When Theo sharply jerks his car left with yet another abrupt leap in speed, Timothee is brutally tossed to Pip's corseted chest. Timothee and Pip's eyes widen in complete mortification and a raucous shocked scream bursts out of their lips as they look at each other straight in the eye.

Theo shakes the steering wheel as if to rip it out of the dashboard and yells, "What the fuck?".

This time, all three passengers yell unanimously at Theo, "Just drive!".

Butt Virgin instantly regrets his outburst of anxiety as Theo's hormonal, distressed voice rattles the whole car, "FUCK ALL OF YOU! LET ME FUKCING CONCENTRATE!", and hot saliva sticks onto Buttt Virgin's face.

After thirty minutes of savage arguments going back and forth between Pip and Theo, the two fall silent, completely exhausted by adrenaline burnout.

Poor Butt Virgin shudders in acrophobic fear and begins to sweat as the gilded view of infamous partyland Bel Air, glistens across a series of gargantuan mountains, as if it is Las Vegas built on top of a hill.

In the backseat, Timothee and Pip, with Timothee's backpack protectively between them, discreetly look at each other's faces in the suffocatingly suspenseful aftermath of capital embarrassment.

"Timothee?", nervously asks Pip, with her eyes closed and hands clasped together tightly.

Timothee, caught off guard, slightly gasps to himself and excessively clears his throat, "Ahem! Ahem! Ahhhrrhem!", before making an apologetic eye contact with Pip.

"Yes?", asks Timothee, tapping his feet on the ground, barely managing to maintain his laid-back composure.

Pip hesitantly opens her eyes and says, "Can-can you refresh me on the rules about TV interviews".

Timothee's usual amicable smile returns to his face and he keenly says, "Of course, sure."

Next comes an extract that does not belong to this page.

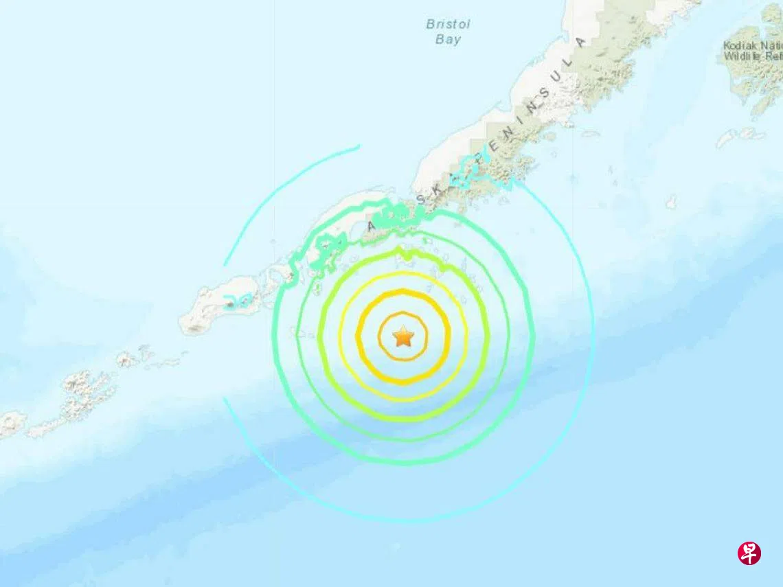 综合路透社和法新社报道,USGS补充说,此次地震于当地时间星期六(7月15日)晚上10时48分(新加坡时间16日下午2时48分),在阿拉斯加东部小镇沙角(Sand Point)西南约89公里处发生。

"Thanks", quietly replies Pip as she glances at Timothee and quickly looks away, feeling her cheeks being baked by the embarrassment that still feels so vivid.

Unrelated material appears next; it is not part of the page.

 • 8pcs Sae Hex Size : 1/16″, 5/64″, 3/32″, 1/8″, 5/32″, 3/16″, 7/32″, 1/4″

"Okay, so. If you're nervous or just feel uncomfortable, don't try to cover that up. Just admit how you feel and laugh it off. A laugh is like a transition word – you can easily switch topics with it. A smile is a charm but also a shield. No one can spit on a smiling face. Be mindful of the interviewer and the questions, but don't let them get to your head. Keep them at bay. Most importantly, always remember why you are doing an interview: because you are special. Because you are special, your words are irreplaceable so you have to take responsibility over what you say."